### Task description
Could you give the data that follows again exactly, without its pictures?
Top of Provided data
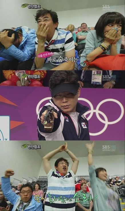 この日放送で MC 三人の人は男 10m 空気ピストル競技(景気)が開かれたイギリスロンドングリニッジパークの王立砲兵隊基地射撃場現場を尋ねたし, 韓国のジンゾングオ選手の金メダルが確定される瞬間競技場立ち去るように大声を出してジンゾングオ選手を応援した.
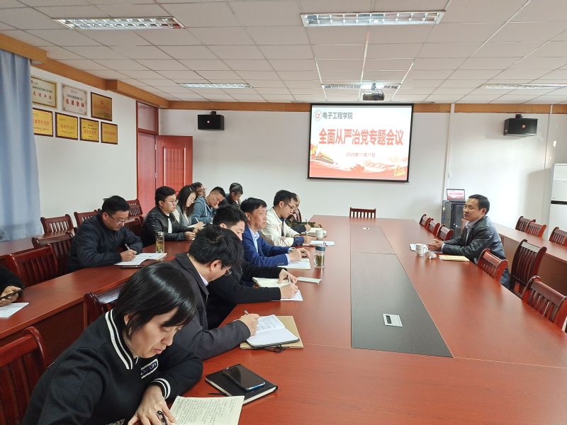 为落实全面从严治党主体责任和校党委全面从严治党工作部署,推进省委巡视整改工作,11月11日下午,电子工程学院分党委在学院会议室召开全面从严治党专题会议,校党委委员、副校长徐柳凡到会指导,学院领导班子成员、党委委员、支部书记、教研室主任、科级干部、专职辅导员参加了会议。会议由学院党委书记陈海波主持。
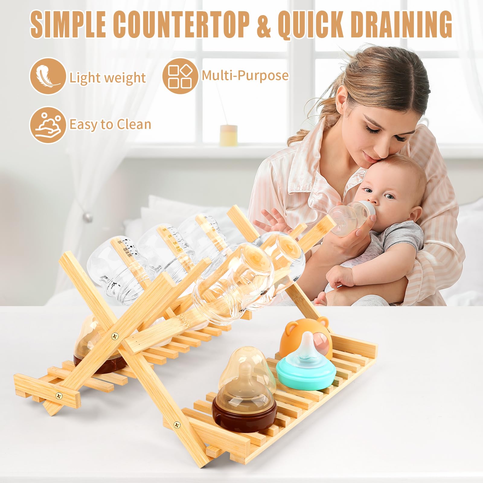 Baby Bottle Drying Rack, Foldable Bamboo Bottle Rack Dryer Space Saving
Bottom of Provided data
### Written answer
 この日放送で MC 三人の人は男 10m 空気ピストル競技(景気)が開かれたイギリスロンドングリニッジパークの王立砲兵隊基地射撃場現場を尋ねたし, 韓国のジンゾングオ選手の金メダルが確定される瞬間競技場立ち去るように大声を出してジンゾングオ選手を応援した.
 为落实全面从严治党主体责任和校党委全面从严治党工作部署,推进省委巡视整改工作,11月11日下午,电子工程学院分党委在学院会议室召开全面从严治党专题会议,校党委委员、副校长徐柳凡到会指导,学院领导班子成员、党委委员、支部书记、教研室主任、科级干部、专职辅导员参加了会议。会议由学院党委书记陈海波主持。
 Baby Bottle Drying Rack, Foldable Bamboo Bottle Rack Dryer Space Saving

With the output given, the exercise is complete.